**Activity**
Write out word for word each line from the one containing "De vegades, les" through the close of the listing, including both ends. Pictures do not belong in the copy.

**Data excerpt**
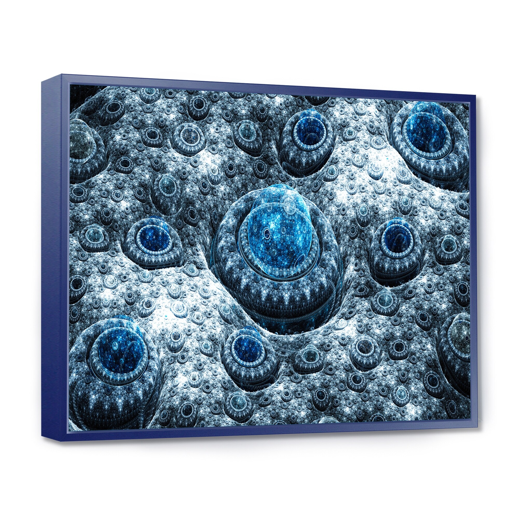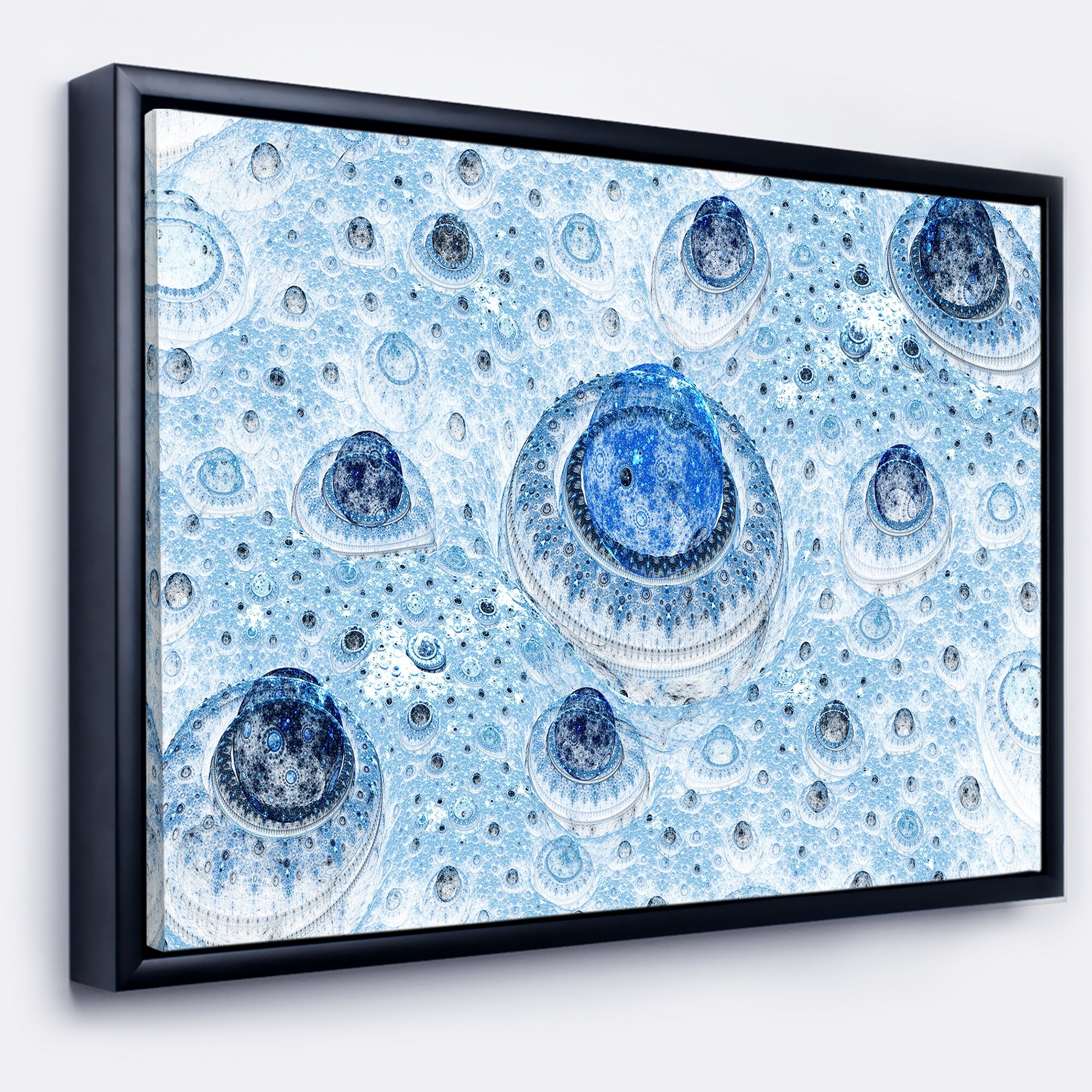 Designart "Blue Fractal Planet of Bubbles" Abstract Wall Art Framed Canvas
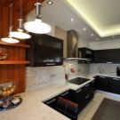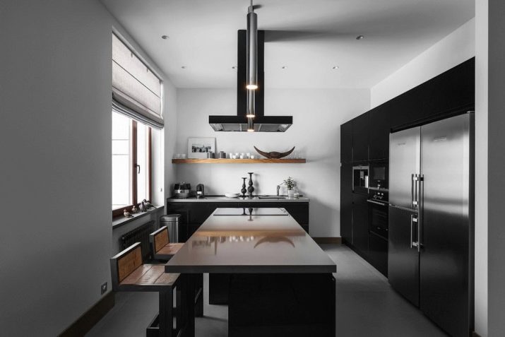 De vegades, les cuines estan decorades de colors foscos. Per crear un interior fosc luxós, abandoneu el negre pur - Ara la tendència és de tons compostos que semblen molt més elegants. Podeu prendre els tons foscos de Borgonya, blau, verd, morat o terracota. Les tonalitats d’oliva i els tons càlids de gris tenen un bon aspecte. La il·luminació jugarà un paper molt important a l’interior fosc de la cuina. - Ha de ser prou brillant per a un treball còmode a la cuina i posar l’èmfasi en llocs importants a l’interior.
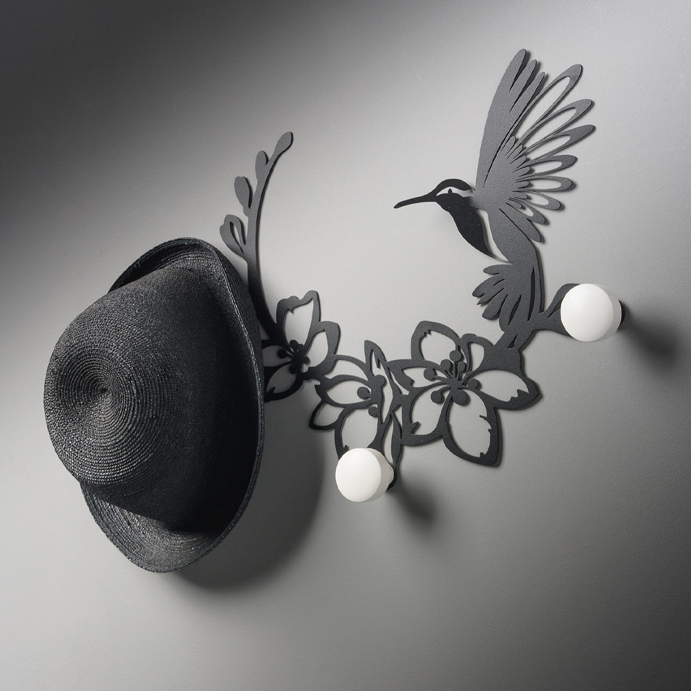 hummingbird placed on a twig , which gives it lightness and beauty. The

**Finished task**
 De vegades, les cuines estan decorades de colors foscos. Per crear un interior fosc luxós, abandoneu el negre pur - Ara la tendència és de tons compostos que semblen molt més elegants. Podeu prendre els tons foscos de Borgonya, blau, verd, morat o terracota. Les tonalitats d’oliva i els tons càlids de gris tenen un bon aspecte. La il·luminació jugarà un paper molt important a l’interior fosc de la cuina. - Ha de ser prou brillant per a un treball còmode a la cuina i posar l’èmfasi en llocs importants a l’interior.
 hummingbird placed on a twig , which gives it lightness and beauty. The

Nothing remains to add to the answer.